TASK: All that is wanted is the exact text of the lines below from the one with "Continente a elegir: Caja" through the one with "Forma oparta na", inclusive, minus any pictures.

PROVIDED INFORMATION:
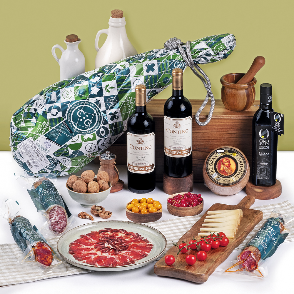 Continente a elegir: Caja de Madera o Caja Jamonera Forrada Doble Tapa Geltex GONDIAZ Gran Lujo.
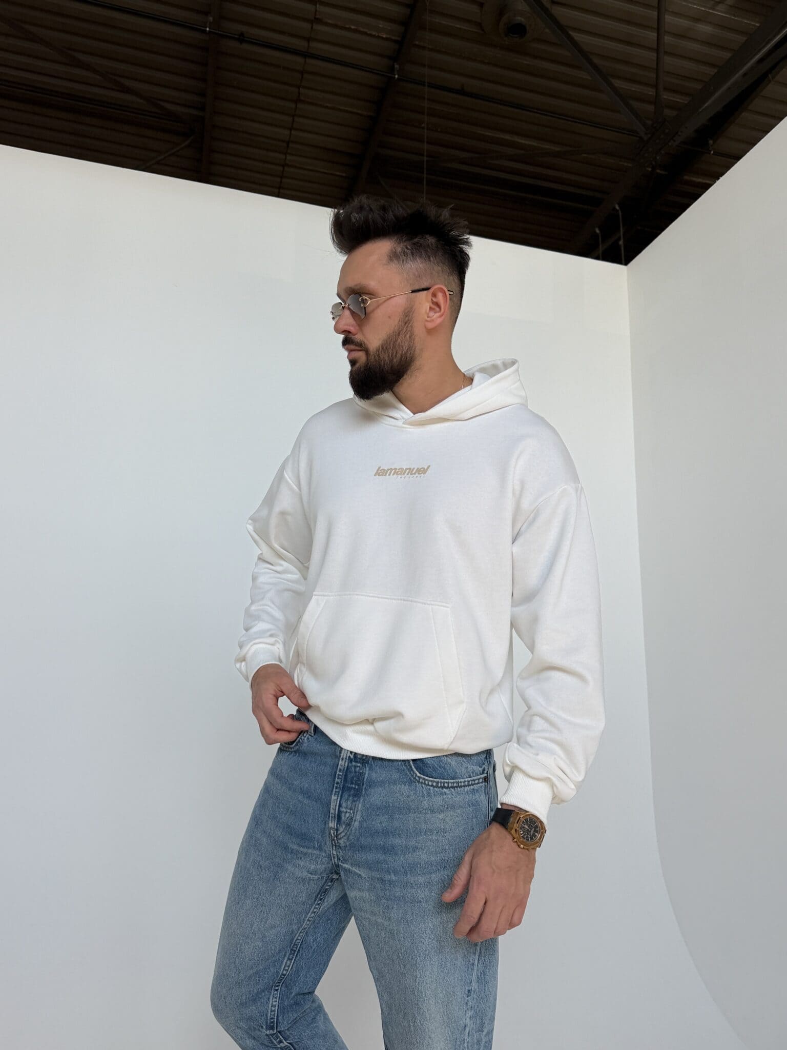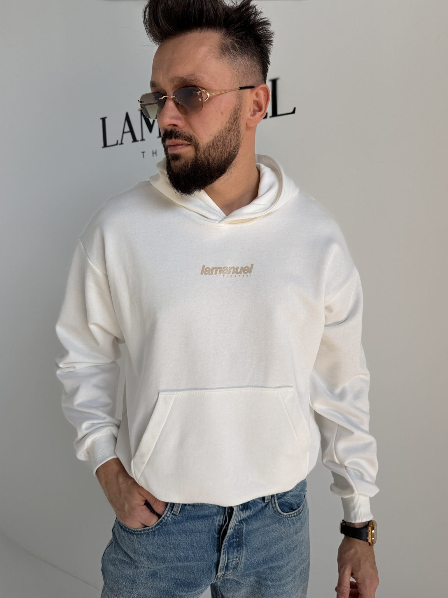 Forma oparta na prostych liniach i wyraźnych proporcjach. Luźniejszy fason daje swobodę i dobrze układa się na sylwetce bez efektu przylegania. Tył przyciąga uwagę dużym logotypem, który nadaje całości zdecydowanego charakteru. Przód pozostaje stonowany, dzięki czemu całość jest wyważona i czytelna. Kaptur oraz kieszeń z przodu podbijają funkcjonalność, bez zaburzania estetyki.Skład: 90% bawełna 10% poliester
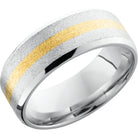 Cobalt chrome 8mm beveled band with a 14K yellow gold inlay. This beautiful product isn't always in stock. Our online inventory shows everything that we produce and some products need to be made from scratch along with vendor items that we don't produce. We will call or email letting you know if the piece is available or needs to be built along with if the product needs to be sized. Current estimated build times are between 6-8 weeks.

--

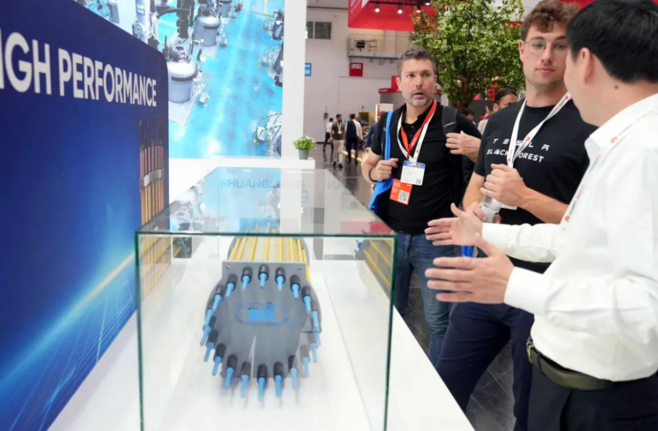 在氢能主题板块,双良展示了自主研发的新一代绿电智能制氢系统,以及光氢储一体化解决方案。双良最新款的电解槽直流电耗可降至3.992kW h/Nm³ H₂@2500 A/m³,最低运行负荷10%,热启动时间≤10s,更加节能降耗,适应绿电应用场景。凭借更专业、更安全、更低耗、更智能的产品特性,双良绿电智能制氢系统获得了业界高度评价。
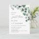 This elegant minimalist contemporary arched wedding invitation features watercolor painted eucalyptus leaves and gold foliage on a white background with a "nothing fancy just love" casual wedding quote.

TASK RESULT:
 Continente a elegir: Caja de Madera o Caja Jamonera Forrada Doble Tapa Geltex GONDIAZ Gran Lujo.
 Forma oparta na prostych liniach i wyraźnych proporcjach. Luźniejszy fason daje swobodę i dobrze układa się na sylwetce bez efektu przylegania. Tył przyciąga uwagę dużym logotypem, który nadaje całości zdecydowanego charakteru. Przód pozostaje stonowany, dzięki czemu całość jest wyważona i czytelna. Kaptur oraz kieszeń z przodu podbijają funkcjonalność, bez zaburzania estetyki.Skład: 90% bawełna 10% poliester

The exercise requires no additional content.